Tax havens under attack: Germany vs Switzerland

published on the Institute of Economic Affairs (IEA) blog, March 2009

Switzerland and other so-called “tax havens” have finally succumbed to international pressure and threats to be “blacklisted” by the OECD. Banking secrecy laws will now be weakened, which will make it easier for tax authorities elsewhere to get hold of their fiscal renegades. On hearing the news, Germany’s finance minister, Peer Steinbrück, triumphantly commented: “It is not even necessary for the cavalry to ride out. It is sufficient if the Indians know that the cavalry is there.”

His remarks caused a furious outcry in the Swiss press and a minor diplomatic scandal. For this isn’t the first time that this crusader against tax oases has criticised his southern neighbour. In October last year, he threatened to “crack the whip” if the Swiss were unwilling to cooperate.

So what is it that makes Steinbrück so obsessed with this small pocket of wealth in the Alps? Is it really just the banking secrecy laws which are at issue? Or does it anger him that each month Germany is losing thousands of highly skilled, productive taxpayers to the Swiss? Is it the well-known aversion of policy-makers, especially in high-tax nations, to tax competition in general?
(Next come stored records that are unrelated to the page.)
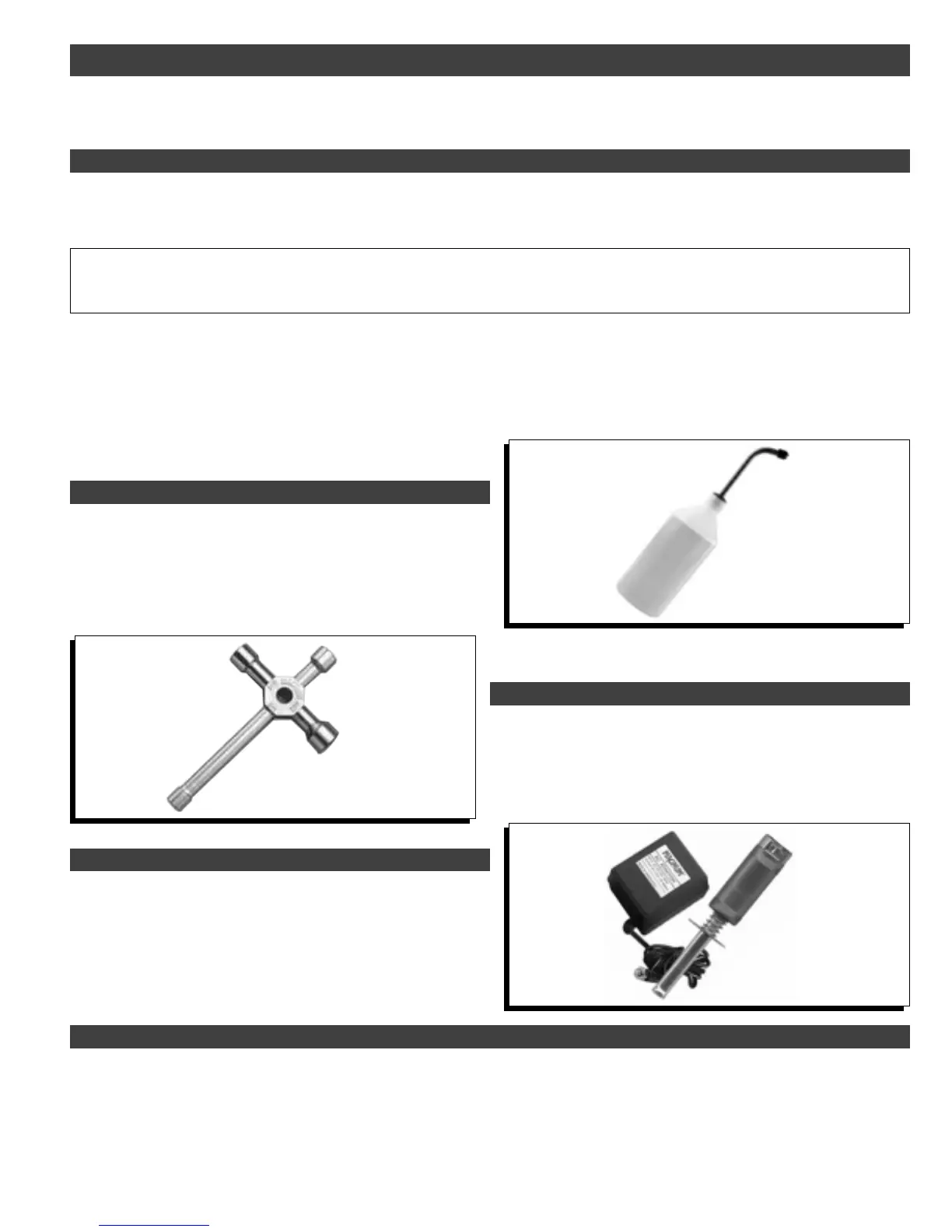 This section lists the recommended items necessary to run and maintain your new Mammoth RTR Nitro Monster Truck. We have tested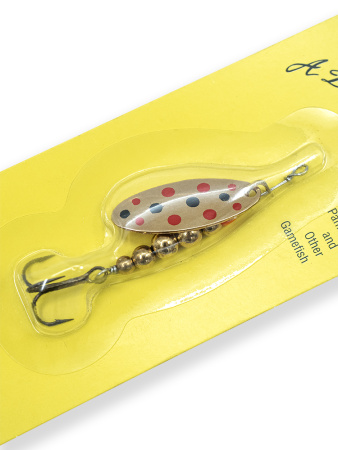 Thomas E.P.Spinn – настоящий убийца для форели и многих других хищных рыб. Высококлассное исполнение лепестка из латуни, скобы лёгкого вращения, цельных латунных шариков (не полых как у дешёвых имитаций) и оси из нержавеющей стали. У этой классической вращающейся блесны лепесток покрыт серебром или золотом с ювелирным качеством. Есть исполнение с черными или красными точками, любо двухцветное без точек.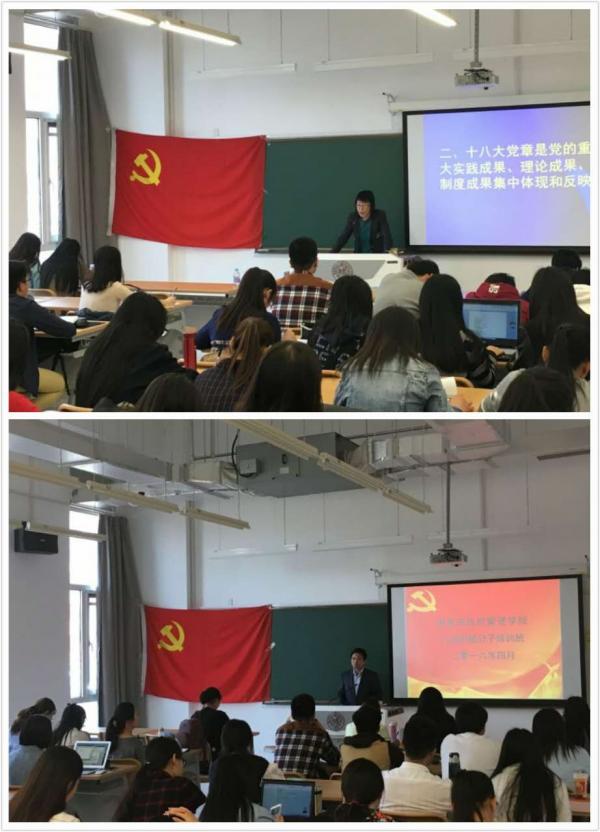王慧对“十八大党章”的基本框架和主要内容做了详细的讲解,使同学们对十八大党章有了比较全面的认识。十八大党章是党的重大实践成果、理论成果、制度成果的集中体现和反映,强调同学们必须充分认识学习党章、贯彻党章的重要性,在学习和贯彻的过程中要主义深入把握精神实质、加强党性修养、认真遵守制度等问题。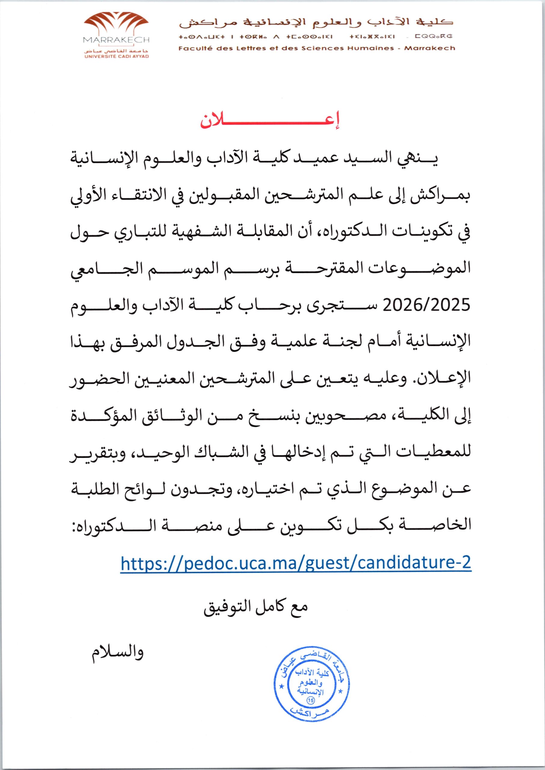 إعلان عن المقابلات الشفهية بسلك الدكتوراه الموسم الجامعي 2025-2026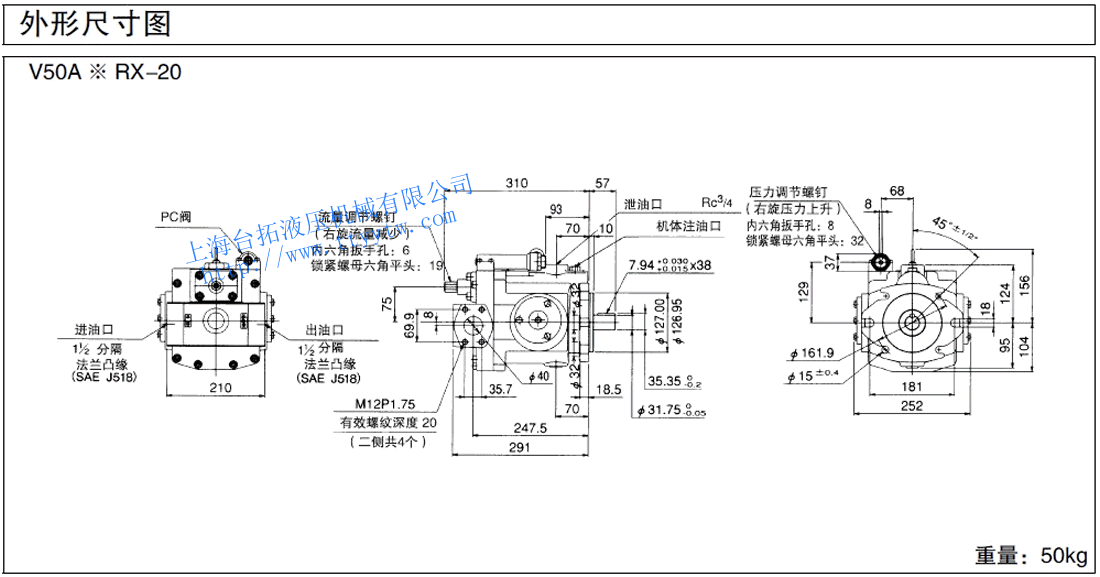 變量柱塞泵V50A3RX-20尺寸圖下載 變量柱塞泵V50SA**RX-20尺寸圖下載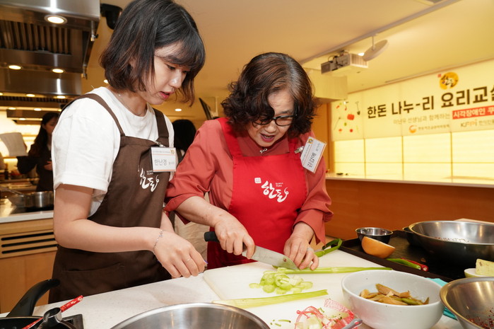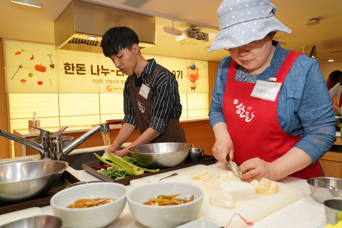 이번 한돈 나누리 요리교실은 시각장애인 6명과 자원봉사자 15명이 참여해 총 6회 걸쳐 요리 실습시간을 가졌다.(사진=한돈자조금 제공)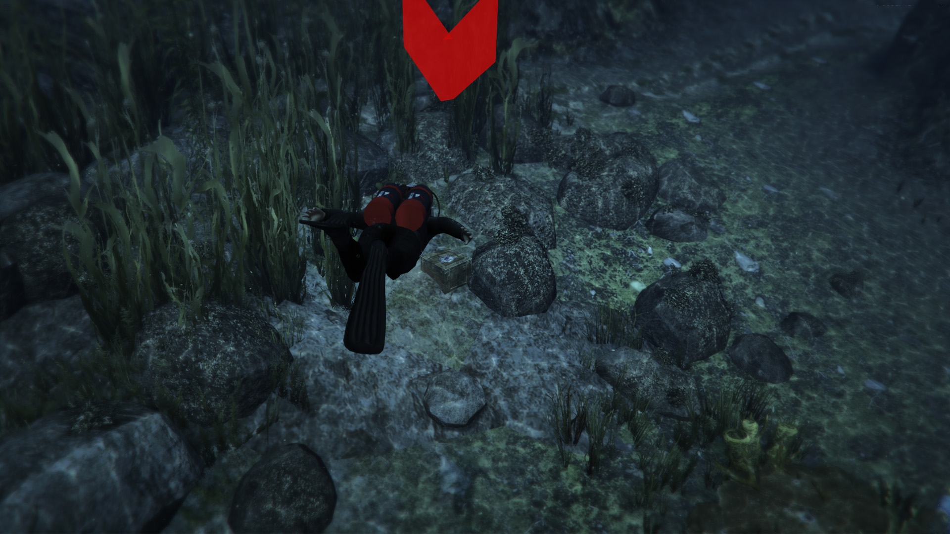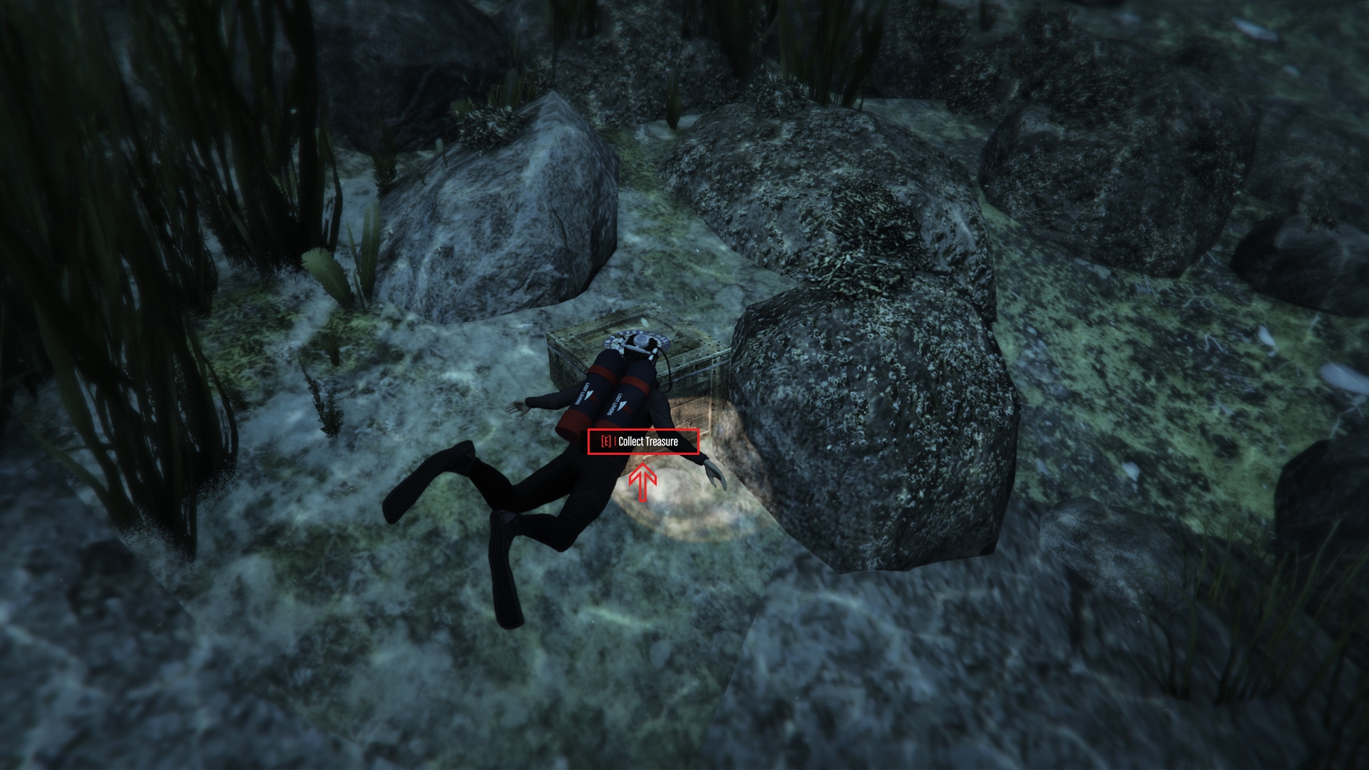 Jump off the boat into the water then use your space bar to dive under. Search for the treasure crate within the purple circle you stopped inside of. Once you get closer, you will hear a beeping noise that will increase in speed the closer you get. Once close enough, the crate will have a large red arrow above it.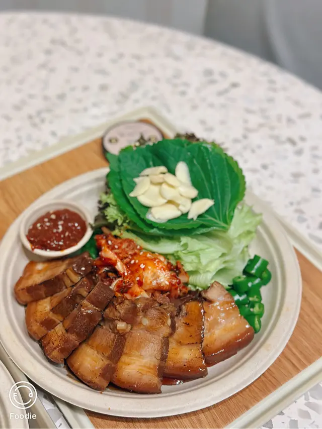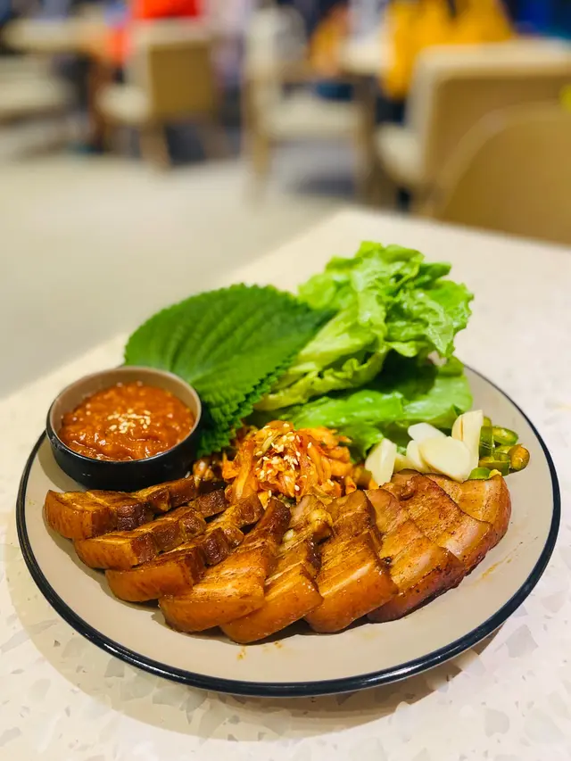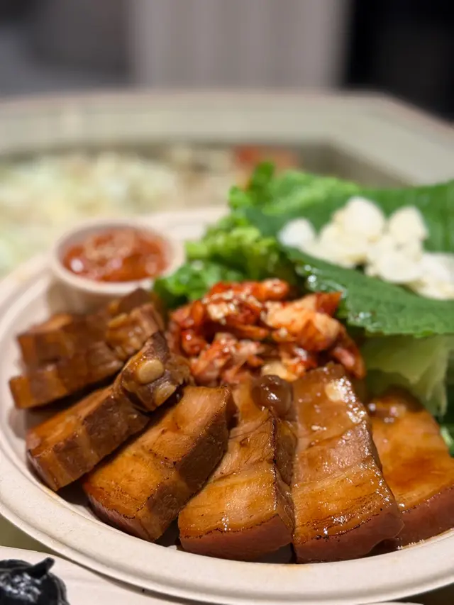 燒醬油黑毛豬白切肉配大醬生菜鹹鮮融合,健康美味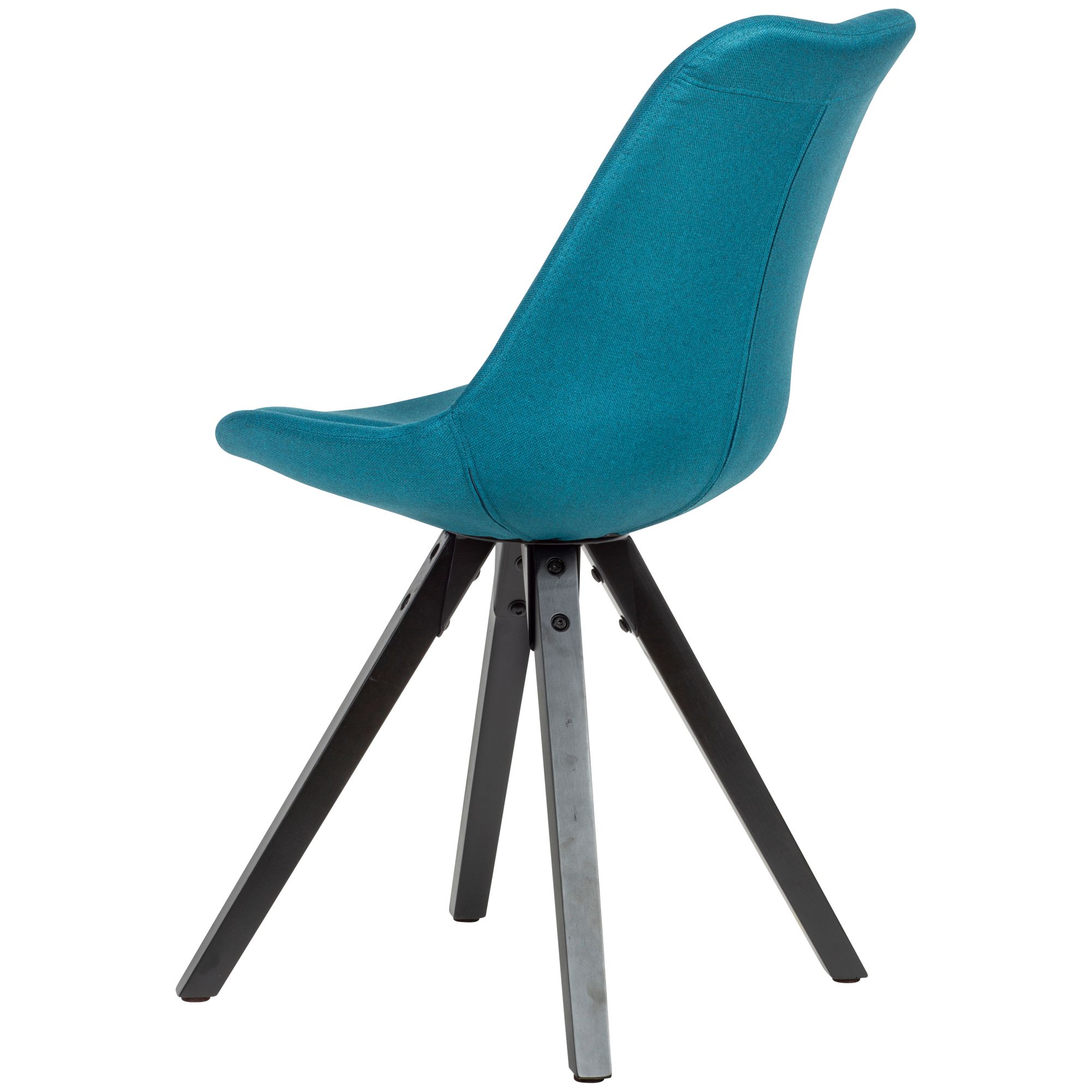 Objevte tento set 2 jídelních židlí v moderním skandinávském designu s elegantním petrolejově modrým látkovým čalouněním. Sedák obsahuje pevně připevněný polštář pro delší pohodlí při sezení. Nožky z masivního dřeva Hevea, černě lakované, zajišťují stabilitu a odolnost. Filcové kluzáky pod nohami chrání podlahu před poškrábáním a tlumí zvuky.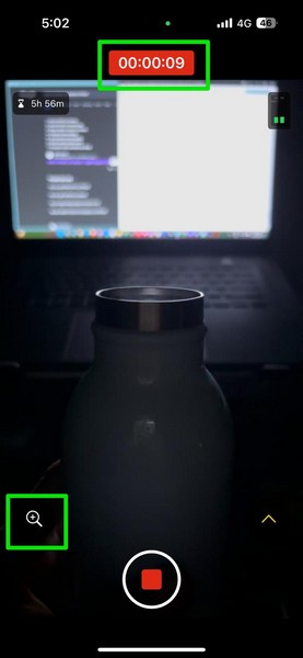 開始錄製視頻後,您將看到計時器從頂部開始在自己的空間中使用音頻電平和視頻限制通知器。你也會找到縮放控制按鈕在視頻預覽的左下角和點擊它即可訪問縮放滑塊。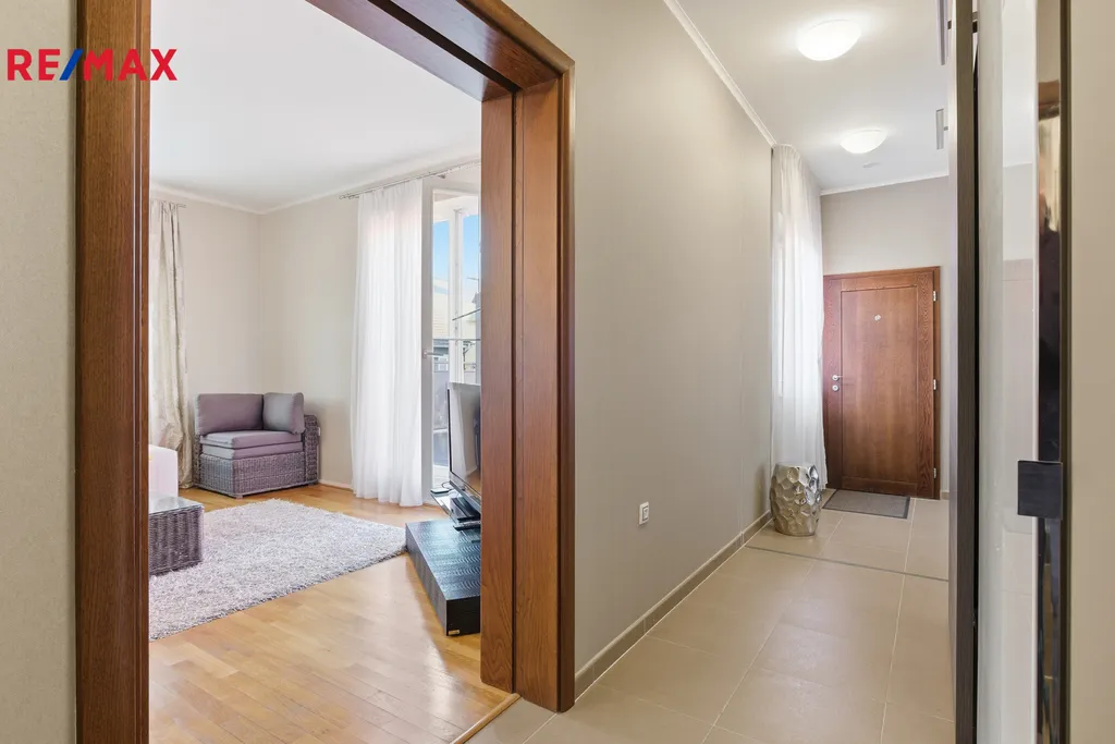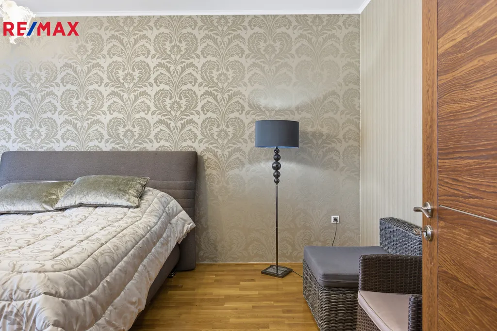 Byt je kompletně vybaven a připraven k okamžitému nastěhování. Interiéru dominují masivní interiérové dveře, kvalitní dřevěné parkety a elegantní křišťálové lustry, které dodávají prostoru nádech luxusu. Kuchyň je vybavena moderními spotřebiči, včetně nové myčky nádobí a nové trouby.

At the end of the day, Switzerland, by its sheer success, exposes the deceit of big-government advocates in Germany and elsewhere. In high-tax countries it is often asserted that current public expenditure levels are indispensable to maintain the high standard of public services. But if this is the case, why is it that Switzerland, where government spending amounts to 36% of GDP (as opposed to 47% in Germany), manages to provide infrastructure assets, hospitals, schools and universities which are at least as good as their German counterparts, if not better? Could it be that governments do a better job if they are under fierce competitive pressures, through legal tax competition or even the threat of tax evasion?

The chairman of the Liberal Party in the German parliament got it right when he said “the problem is not the oasis, the problem is the deserts around it.”